Kitabı oku: «Быль полянская»
Предисловие от автора
Слово «быль» в названии этого рассказа не случайно. Несмотря на нотку мистики в конце, перед вами не славянское фэнтези, а художественный вымысел, помещённый в максимально правдоподобные декорации. Я претендую на историческую достоверность в том, что касается быта, нравов и верований наших предков. Я провела много дней в библиотеках, работая с этнографическими источниками и восстанавливая детали повседневной жизни славян до крещения Руси.
В том, что касается обрядов инициации для подростков, я опиралась на сведения, полученные из лекций филолога и преподавателя славянской культуры Арины Ивановны Никитиной, которая тесно контактирует с общинами староверов и собирает среди них информацию об обычаях наших предков. Тексты молитв волхва заимствованы с сайта Союза славянских общин славянской родной веры.

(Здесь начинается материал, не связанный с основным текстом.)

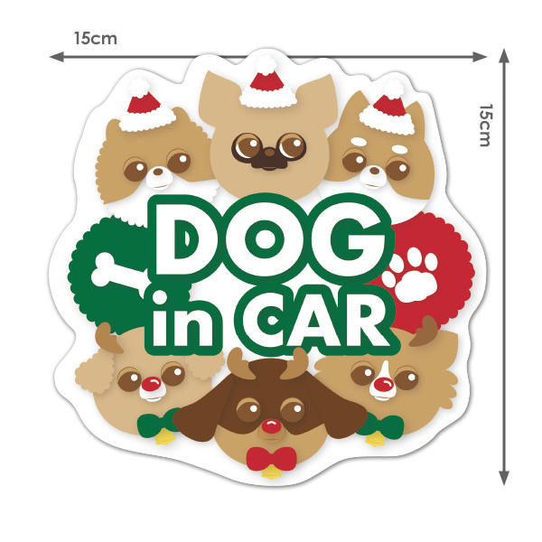 クリスマスバージョンに変身したかわいいワンちゃんが大集合!見ているだけで幸せになるキュートなDOG IN CAR。犬好きのあなたにおすすめしたいマグネットパーク限定オリジナルデザインの車マグネットステッカーです。 |
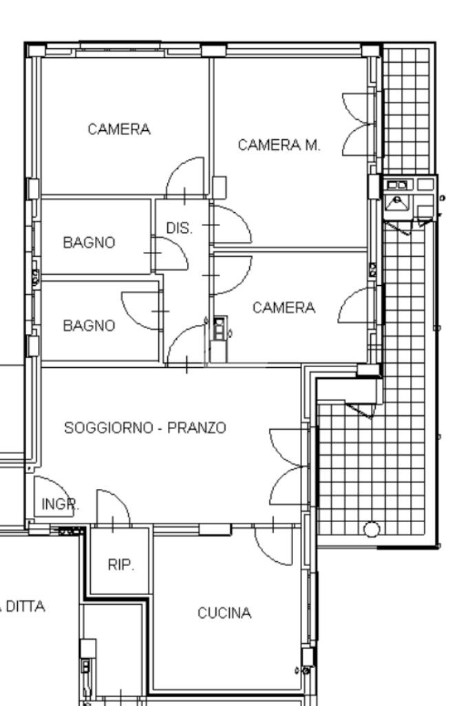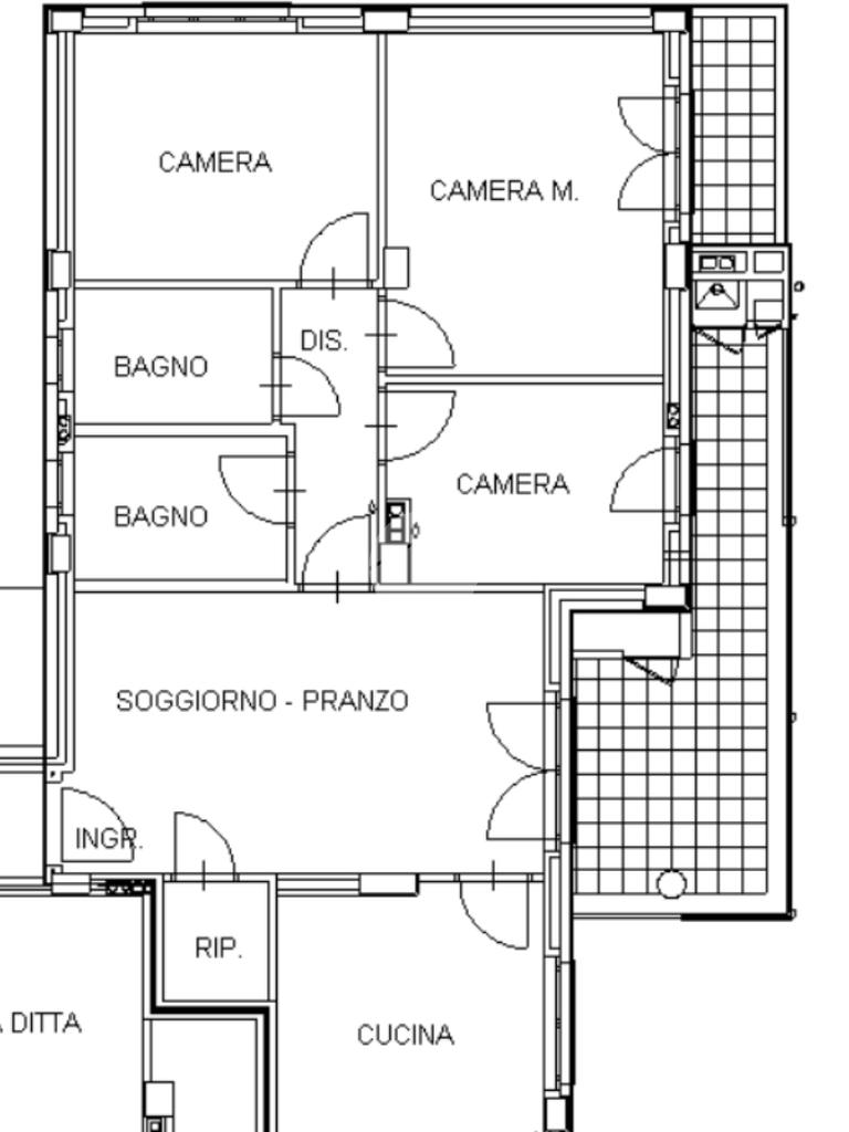 La porta blindata si apre su un'ampia sala che può ospitare i mobili da soggiorno, un comodo divano, il tavolo e le sedie; luminosa, ha una porta finestra che ci conduce al terrazzo di circa 15 mq dotato di tende estate/inverno.
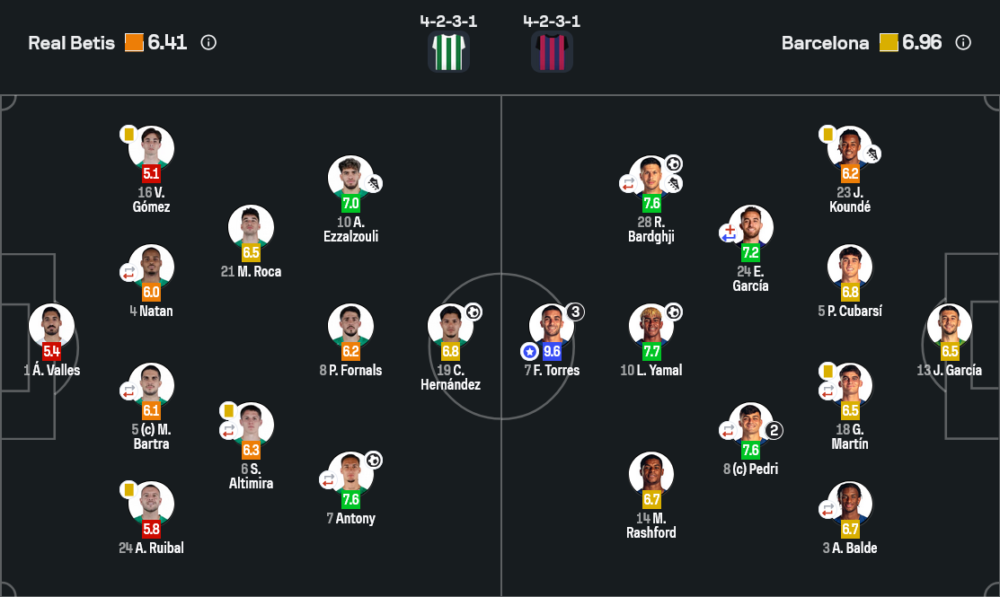 พระเอกของค่ำคืนนี้ยกให้ เฟร์รัน ตอร์เรส แบบไร้ข้อโต้แย้ง ซัดแฮตทริกตั้งแต่ครึ่งแรก ใช้เซนส์กองหน้าที่เฉียบคมทั้งการหาพื้นที่ว่าง การวิ่งตัดไลน์ และการจบสกอร์ที่นิ่งสนิท สร้างฝันร้ายให้แนวรับเบติสตลอด 70 กว่านาทีในสนาม นอกจากสามประตู เฟร์รันยังมีส่วนร่วมเชื่อมเกมกับแรชฟอร์ดและยามาลอย่างต่อเนื่อง ทำให้บาร์เซโลนาสามารถพักเลวานดอฟสกี้แล้วแนวรุกยังดุดันเหมือนเดิม เรตติ้ง 9.6 สะท้อนฟอร์มระดับโลกในค่ำคืนนี้ได้ชัดเจน
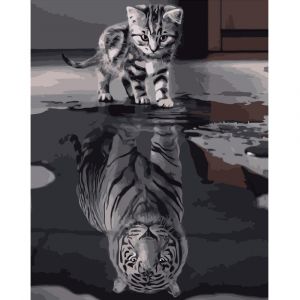 Картина за номерами Strateg Кіт і тигр без підрамника розміром 40х50 см (BR007)
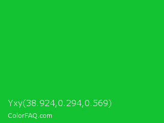 Yxy 38.924,0.294,0.569 Color is a normal green color and the nearest color is Dark Pastel Green #03c03c. Hex code #13c231 and RGB value is rgb(19,194,49). In RGB color space, this color is composed of 7% red, 76% green, 19% blue, In CMYK color space, this color is composed of 90% cyan, 0% magenta, 75% yellow , 24% black , In HSL color space, this color has a hue angle of 130° , 82% saturation and 42% lightness.
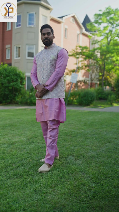 KPD5165 Pink Kurta Pyjama and Pastel Pink Nehru Jacket
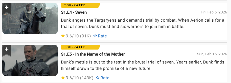 Hai tập phim có điểm số cao nhất trong mùa đầu tiên của A Knight of the Seven Kingdoms.
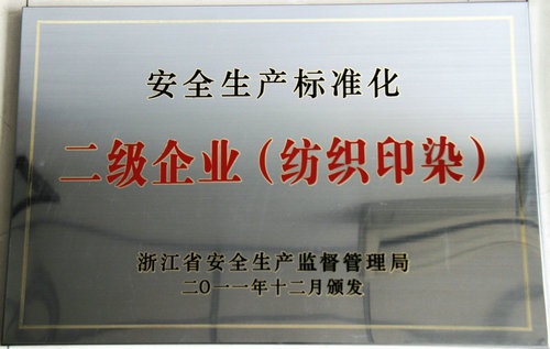 2011年12月,浙江人生就是博染整有限公司被浙江省宁静生产监督治理局命名为宁静生产标准化二级企业

Приятного погружения в эпоху!
Глава 1. Купайло1
Когда-то эту историю передавали из уст в уста наши предки. Песнопевцы и сказители называли её былью. Затем её рассказывали как древнюю легенду, потом – как красивую сказку, ещё позже – как пустую небылицу. Со временем она и вовсе забылась. Но только были сорок восемь поколений назад люди, которые видели всё это своими глазами и каждое утро здоровались со Златой через забор.
Вот и в тот день поднялась Злата на утренней зорьке, умылась водой колодезной, заплела косу тёмно-русую, надела понёву синего сукна поверх небелёной рубахи, наносила воды на коромысле, что Горик для неё вырезал, скотину напоила и повела на выпас крутобокую корову Белку.

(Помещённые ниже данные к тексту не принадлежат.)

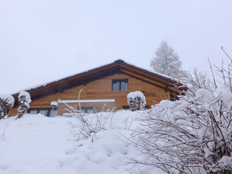 "Mioche", 4-room chalet 120 m2 on 2 levels. Spacious, rustic and cosy furnishings: living/dining room with open-hearth fireplace, satellite TV, radio, CD-player and DVD. 1 room with 1 double bed (2 x 90 cm, length 200 cm). Kitchen (oven, dishwasher, 4 ceramic glass hob hotplates, toaster, kettle, microwave, electric coffee machine, Capsules for coffee machine (Dolce Gusto) extra, raclette grill, fondue Set (cheese)). Shower/bidet/WC, sep. WC. Upper floor: with sloping ceilings, 2 rooms, each room with 2 beds (90 cm, length 200 cm). Shower/WC. Large terrace. Terrace furniture. Marvellous panoramic view of the mountains. Facilities: iron, hair dryer, logs (extra). Internet (WiFi, free). Please note: suitable for families. Non-smokers only.
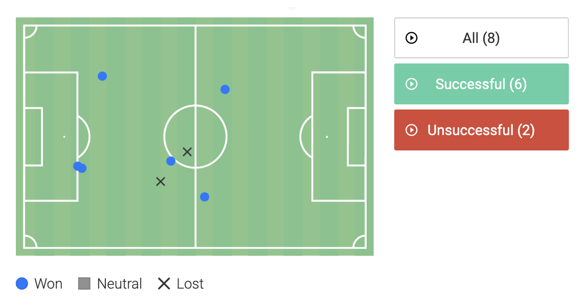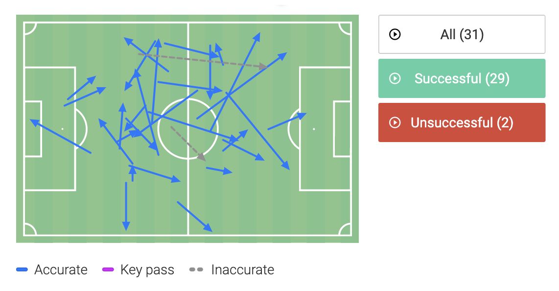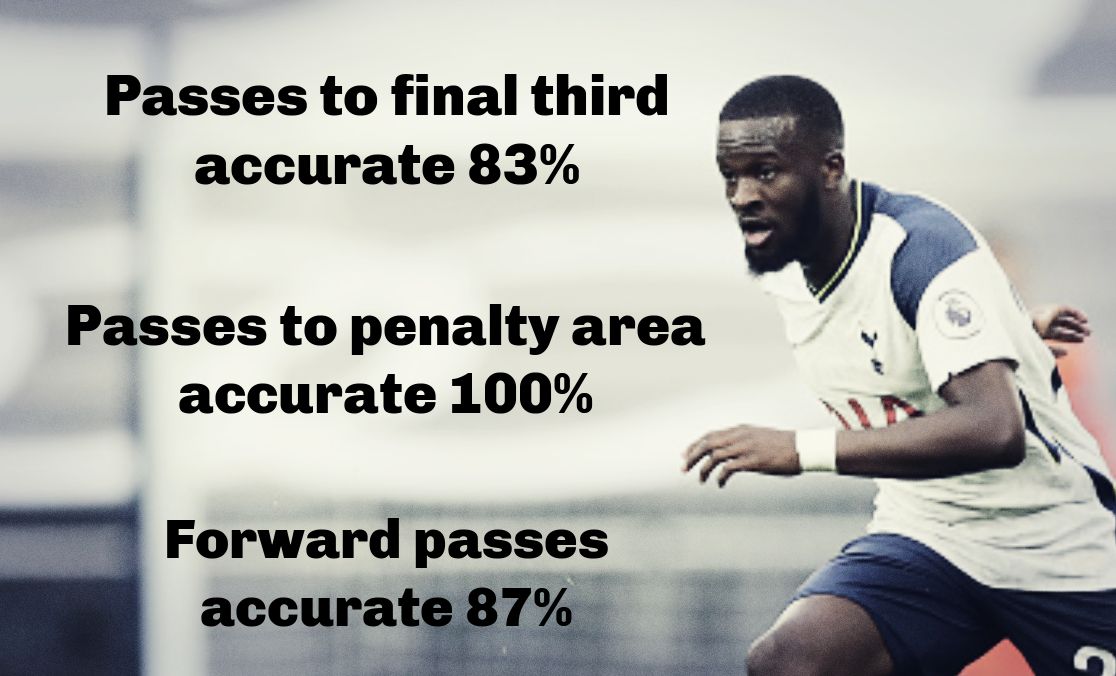 This is precisely what one expects from a defensive midfielder. Ndombele’s high passing accuracy and the desire to power the plays forwards were impressive. 94% is where we want players to be,
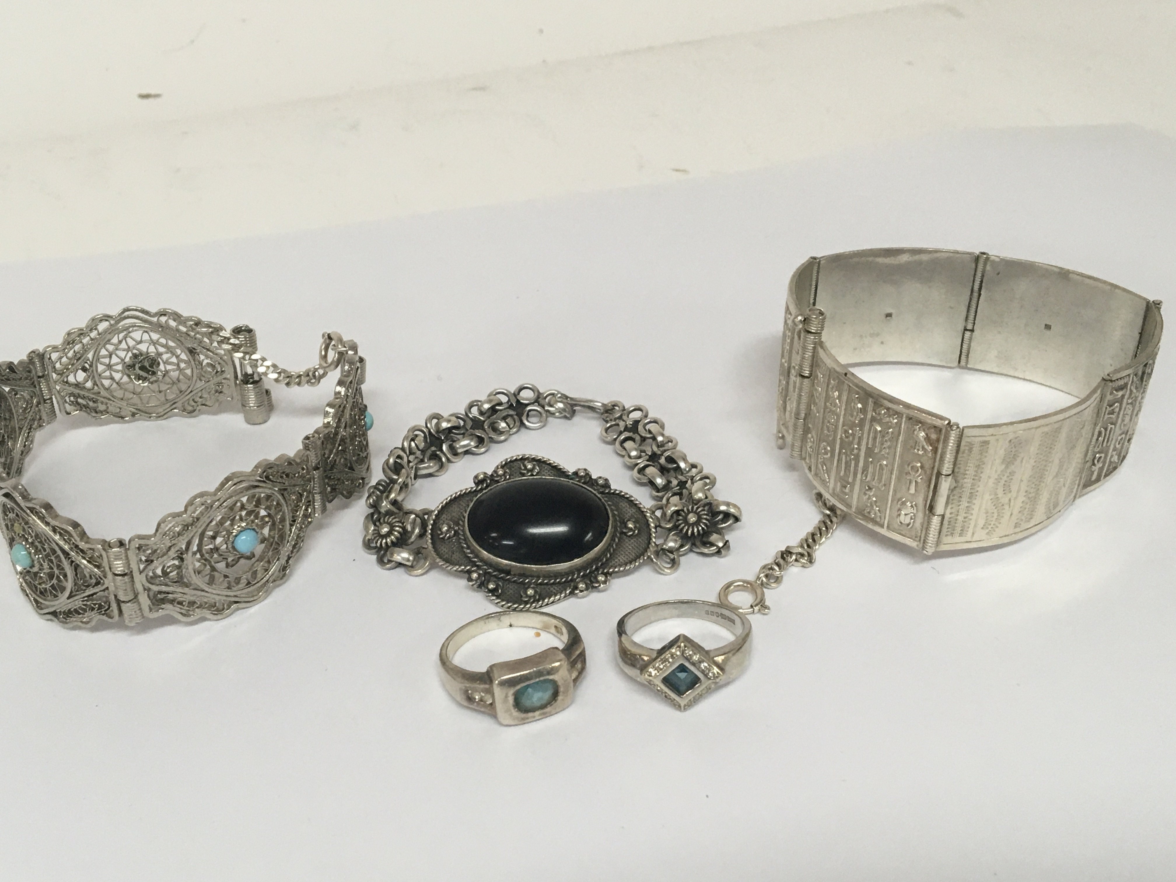 An Egyptian theme silver bracelet a filigree bracelet set with turquoise two silver rings and one other bracelet.
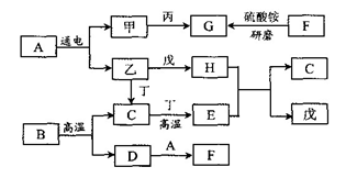 学习化学要求熟悉物质的性质以及物质之间的相互转化。以下框图中的物质均为初中化学中的常见物质,其中甲、乙、丙、丁、戊均为单质,常温下,丁为黑色固体,戊为紫红色金属。农业上常用F改良酸性土壤。常温下,G是一种具有刺激性气味的气体,其水溶液显碱性,工业上用甲和丙化合制备G。![]()
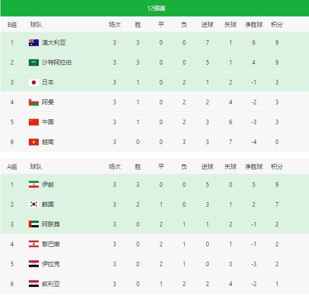 世界杯亚洲区预选赛(12强赛)小组积分
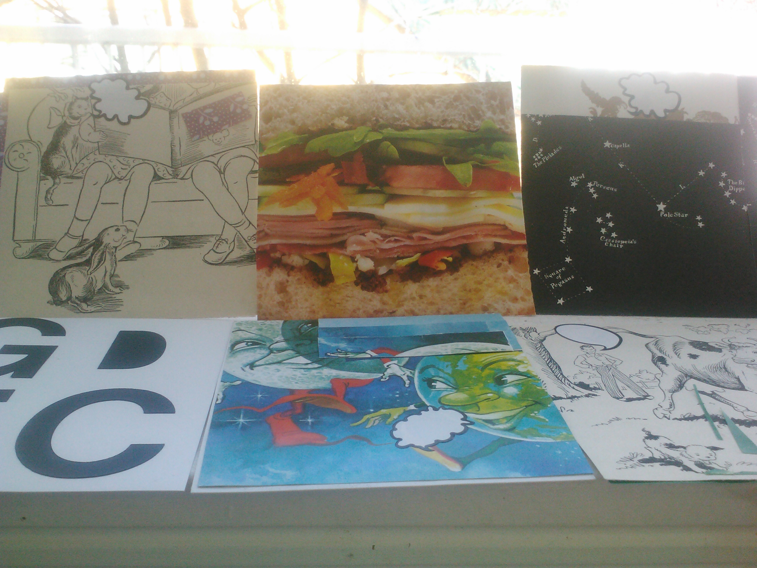 So, you may or may not know of my musical career as Big Mama Lele. I have been up late, gluey fingers and tiny bits of paper everywhere, making custom CD artwork. The album is called GDFC, because that is chord progression for all of the songs. Each of these unique collages is called something different, beginning with the letters GDFC, to celebrate all you can do and say with only 4 chords.

Солнце-Ярило выезжало на небо на своём огненном коне. Косые лучи румянили Златкины щёчки-яблочки. Девушка улыбалась и приветливо кланялась соседям. Сердце её пело ликующую песнь нового червневого2 дня.
Солнце поднималось всё выше. Свет его уже не был розовым, точно тельце младенца, но наливался золотом и белым – как колос перед жатвой, как свежий сруб дерева. Заткнув углы понёвы за пояс и напевая, Злата полола сорную траву в огороде. Потом учила Грасю мести полы и носила вместе с Малушкой отцу обед в поле. С громким «кшш!», хлопками и смехом выгоняла кур с грядок и помогала матери с ужином.

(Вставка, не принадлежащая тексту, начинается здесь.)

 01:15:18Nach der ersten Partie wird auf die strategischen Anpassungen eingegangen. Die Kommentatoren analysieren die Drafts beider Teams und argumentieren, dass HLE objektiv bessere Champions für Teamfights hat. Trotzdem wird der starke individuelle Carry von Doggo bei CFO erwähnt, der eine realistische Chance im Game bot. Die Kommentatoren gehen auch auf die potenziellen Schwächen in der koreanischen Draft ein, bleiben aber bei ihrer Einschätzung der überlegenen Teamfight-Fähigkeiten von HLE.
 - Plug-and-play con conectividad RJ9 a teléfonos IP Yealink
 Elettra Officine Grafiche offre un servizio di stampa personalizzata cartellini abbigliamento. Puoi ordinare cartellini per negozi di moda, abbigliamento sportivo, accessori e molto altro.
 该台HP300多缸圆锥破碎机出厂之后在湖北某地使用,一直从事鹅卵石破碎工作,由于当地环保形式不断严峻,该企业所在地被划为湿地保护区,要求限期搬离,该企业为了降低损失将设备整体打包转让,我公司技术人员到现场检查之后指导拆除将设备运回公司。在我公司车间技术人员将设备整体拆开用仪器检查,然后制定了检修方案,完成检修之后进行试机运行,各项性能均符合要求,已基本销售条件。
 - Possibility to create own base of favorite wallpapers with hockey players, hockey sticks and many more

Спускался вечер. Усталые мужчины возвращались с полевых работ, ведя на привязи спокойных, послушных волов. Стадо вернулось с выпаса, и Злата чуть было не перепутала свою Белку с другой белой коровой в стаде. Она звонко рассмеялась и раскланялась с хозяйкой Белкиной двойняшки.
Во дворе Златка ещё раз усмехнулась своей оплошности, похлопала Белку по звонкому, как полный бочонок, боку и заперла её в сарайке, а сама сбегала в избу и нашла красную тряпочку в своём шитье. В тёплом душном стойле Златка повязала лоскуток на правый коровий рог. Отошла на шаг назад и, оставшись довольна своей работой, поцеловала ошарашенную Белку промеж глаз.
Солнце-отец клонилось уже к земле-матушке для поцелуя на сон грядущий, когда Златка принесла в кухню ведро парного молока.
– Матушка, представь только, я Белку сегодня не узнала, чуть было Добравкину корову не увела! – защебетала Златка, свободной рукой обнимая мать, от которой, как всегда, пахло свежим хлебом, молоком и сладко-солёным потом здоровой работящей женщины.
– Да что ты, Златушка! – мать взяла у неё ведро и посмеялась своим мягким спокойным смехом. – Спасибо тебе за молочко, доченька.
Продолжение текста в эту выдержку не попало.